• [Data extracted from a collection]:
+--
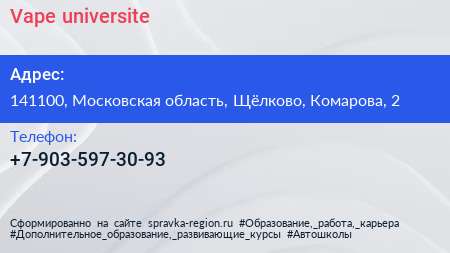 Vape universite по адресу 141100, Московская область, Щёлково, Комарова, 2 в дальнейшем Организация, размещена в следующих категориях:
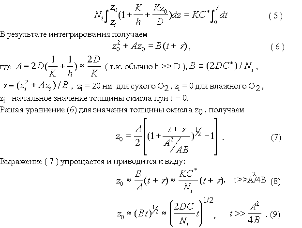 Ñêîðîñòü ðîñòà îêèñëà îïðåäåëÿåòñÿ ïîòîêîì (F3) è êîëè÷åñòâîì ìîëåêóë îêèñëèòåëÿ (Ni), íåîáõîäèìûì äëÿ îáðàçîâàíèÿ îêèñëà â åäèíè÷íîì îáúåìå. Ïîñêîëüêó êîíöåíòðàöèÿ ìîëåêóë SiO>2> â îêèñëå ðàâíà 2,2*1022 ñì-3, òî äëÿ ïîëó÷åíèÿ äâóîêèñè êðåìíèÿ òðåáóåòñÿ êîíöåíòðàöèÿ ìîëåêóë êèñëîðîäà ðàâíàÿ 2,2*1022 ñì-3 èëè êîíöåíòðàöèÿ ìîëåêóë âîäû 4,4*1022 ñì-3.
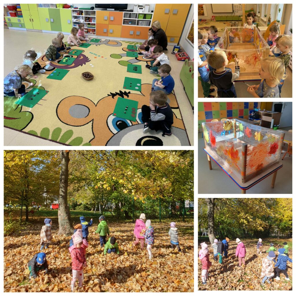 W dniu 23 (czwartek) dzieci z grupy „Żabki” wykonywały zdania matematyczne do programu własnego „na wesoło”, następnie malowały jesienny pejzaż farbami. Nagrodą za aktywność na zajęciach była sensoryczna zabawa wśród kolorowych liści. Dzieci rozwijały wrażliwość estetyczną i kreatywność poprzez aktywny udział w zadaniach i zabawach.
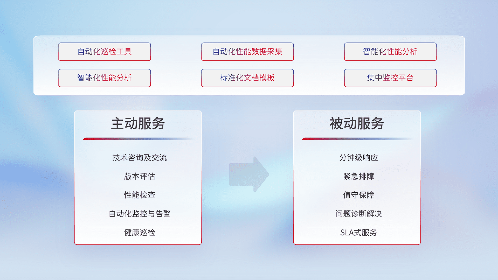 智能化工具和标准化文档,,保障服务质量,,提供主动服务(包含技术咨询、、、、版本评估、、、性能检查、、、自动化监控与告警、、健康巡检)和被动服务包含(分钟级响应、、、、紧急排障、、、值守保障、、、问题诊断解决、、、、SLA服务)。。。。
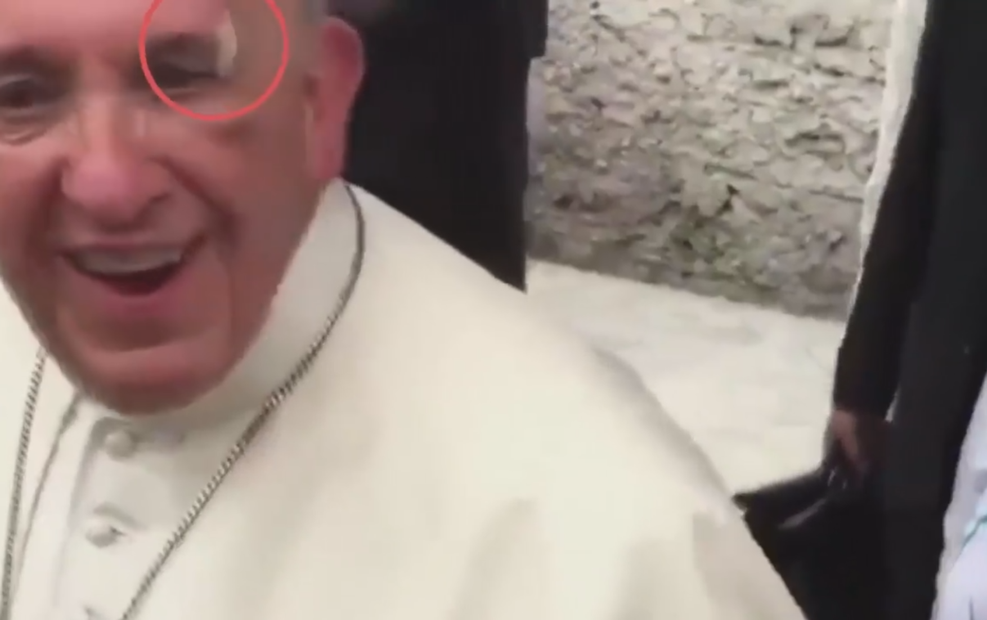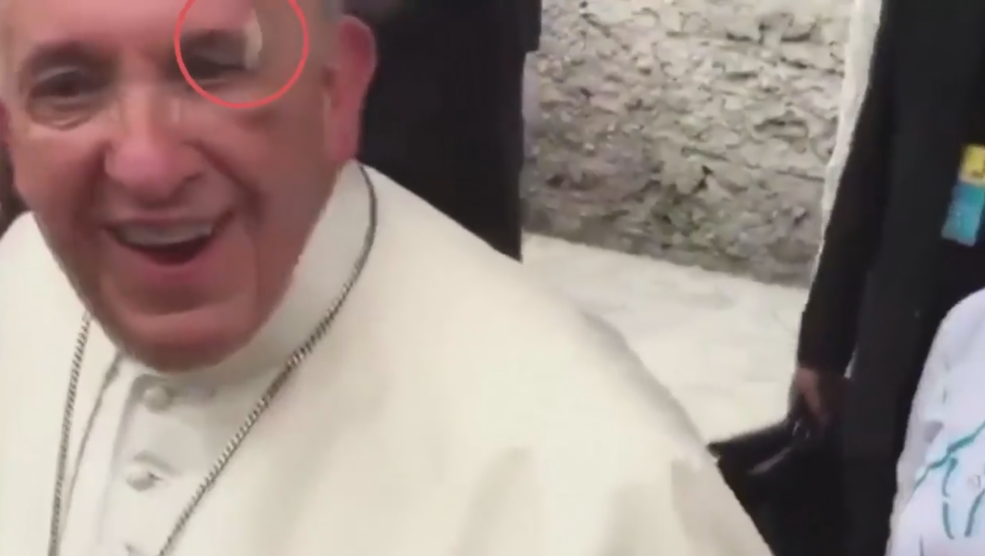 El portavoz oficial del Vaticano, Greg Burke, afirmó que el papa se había dado un golpe contra el cristal del vehículo encima de la ceja y en el pómulo y que su santidad "estaba bien".
+--
• [EXERCISE DIRECTIONS]:
Set down the data above word for word, leaving every picture out.

• [EXPECTED ANSWER]:
 Vape universite по адресу 141100, Московская область, Щёлково, Комарова, 2 в дальнейшем Организация, размещена в следующих категориях:
 Ñêîðîñòü ðîñòà îêèñëà îïðåäåëÿåòñÿ ïîòîêîì (F3) è êîëè÷åñòâîì ìîëåêóë îêèñëèòåëÿ (Ni), íåîáõîäèìûì äëÿ îáðàçîâàíèÿ îêèñëà â åäèíè÷íîì îáúåìå. Ïîñêîëüêó êîíöåíòðàöèÿ ìîëåêóë SiO>2> â îêèñëå ðàâíà 2,2*1022 ñì-3, òî äëÿ ïîëó÷åíèÿ äâóîêèñè êðåìíèÿ òðåáóåòñÿ êîíöåíòðàöèÿ ìîëåêóë êèñëîðîäà ðàâíàÿ 2,2*1022 ñì-3 èëè êîíöåíòðàöèÿ ìîëåêóë âîäû 4,4*1022 ñì-3.
 W dniu 23 (czwartek) dzieci z grupy „Żabki” wykonywały zdania matematyczne do programu własnego „na wesoło”, następnie malowały jesienny pejzaż farbami. Nagrodą za aktywność na zajęciach była sensoryczna zabawa wśród kolorowych liści. Dzieci rozwijały wrażliwość estetyczną i kreatywność poprzez aktywny udział w zadaniach i zabawach.
 智能化工具和标准化文档,,保障服务质量,,提供主动服务(包含技术咨询、、、、版本评估、、、性能检查、、、自动化监控与告警、、健康巡检)和被动服务包含(分钟级响应、、、、紧急排障、、、值守保障、、、问题诊断解决、、、、SLA服务)。。。。
 El portavoz oficial del Vaticano, Greg Burke, afirmó que el papa se había dado un golpe contra el cristal del vehículo encima de la ceja y en el pómulo y que su santidad "estaba bien".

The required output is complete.